WHAT IS REQUIRED:
In the data below, find the line containing "Rechargeable LED Wall", then set down that line and every later line up to and including the line containing "Za półokrągłymi szklanymi", exactly.

RECORDS FOR PROCESSING:
○ ○ ○

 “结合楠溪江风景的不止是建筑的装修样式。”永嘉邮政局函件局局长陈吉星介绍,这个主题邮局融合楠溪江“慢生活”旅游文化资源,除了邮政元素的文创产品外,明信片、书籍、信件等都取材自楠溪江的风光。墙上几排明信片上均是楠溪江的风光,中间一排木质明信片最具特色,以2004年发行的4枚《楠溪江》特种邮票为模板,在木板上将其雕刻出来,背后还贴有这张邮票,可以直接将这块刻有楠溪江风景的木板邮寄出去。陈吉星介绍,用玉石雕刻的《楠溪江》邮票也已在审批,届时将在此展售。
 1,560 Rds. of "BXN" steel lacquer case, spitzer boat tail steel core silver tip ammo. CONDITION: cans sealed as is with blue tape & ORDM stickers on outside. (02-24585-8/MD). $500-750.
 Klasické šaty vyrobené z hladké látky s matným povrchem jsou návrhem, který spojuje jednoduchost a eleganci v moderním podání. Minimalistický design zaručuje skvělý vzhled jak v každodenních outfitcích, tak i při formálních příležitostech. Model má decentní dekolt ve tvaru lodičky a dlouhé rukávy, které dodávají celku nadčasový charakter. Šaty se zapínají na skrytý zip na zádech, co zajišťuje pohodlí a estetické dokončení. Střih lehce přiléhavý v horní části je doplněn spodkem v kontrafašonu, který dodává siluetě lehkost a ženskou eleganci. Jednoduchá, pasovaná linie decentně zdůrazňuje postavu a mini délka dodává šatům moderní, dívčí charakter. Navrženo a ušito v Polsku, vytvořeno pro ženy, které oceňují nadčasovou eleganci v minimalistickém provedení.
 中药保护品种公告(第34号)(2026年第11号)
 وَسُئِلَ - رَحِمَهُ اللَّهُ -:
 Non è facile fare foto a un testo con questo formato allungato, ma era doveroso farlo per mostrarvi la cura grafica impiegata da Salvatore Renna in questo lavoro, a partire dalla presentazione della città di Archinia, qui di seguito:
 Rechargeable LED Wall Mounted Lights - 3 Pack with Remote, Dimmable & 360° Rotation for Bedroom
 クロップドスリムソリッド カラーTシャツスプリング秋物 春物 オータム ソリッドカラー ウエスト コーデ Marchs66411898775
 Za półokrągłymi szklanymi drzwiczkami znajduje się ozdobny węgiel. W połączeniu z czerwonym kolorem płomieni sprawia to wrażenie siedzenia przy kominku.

○ ○ ○

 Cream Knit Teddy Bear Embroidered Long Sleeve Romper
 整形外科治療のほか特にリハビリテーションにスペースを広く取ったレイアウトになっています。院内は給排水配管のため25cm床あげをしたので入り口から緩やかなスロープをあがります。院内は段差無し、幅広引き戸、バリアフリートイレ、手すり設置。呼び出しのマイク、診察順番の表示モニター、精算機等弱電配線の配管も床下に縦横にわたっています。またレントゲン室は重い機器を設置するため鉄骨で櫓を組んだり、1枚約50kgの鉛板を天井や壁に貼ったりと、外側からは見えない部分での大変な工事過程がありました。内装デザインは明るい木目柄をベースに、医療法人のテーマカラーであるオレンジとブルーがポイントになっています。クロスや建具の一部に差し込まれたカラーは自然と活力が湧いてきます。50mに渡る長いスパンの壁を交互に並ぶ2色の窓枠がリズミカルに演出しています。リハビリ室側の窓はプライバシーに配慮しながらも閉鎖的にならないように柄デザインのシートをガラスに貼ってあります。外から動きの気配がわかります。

○ ○ ○

SOLUTION FOR THIS TASK:
 Rechargeable LED Wall Mounted Lights - 3 Pack with Remote, Dimmable & 360° Rotation for Bedroom
 クロップドスリムソリッド カラーTシャツスプリング秋物 春物 オータム ソリッドカラー ウエスト コーデ Marchs66411898775
 Za półokrągłymi szklanymi drzwiczkami znajduje się ozdobny węgiel. W połączeniu z czerwonym kolorem płomieni sprawia to wrażenie siedzenia przy kominku.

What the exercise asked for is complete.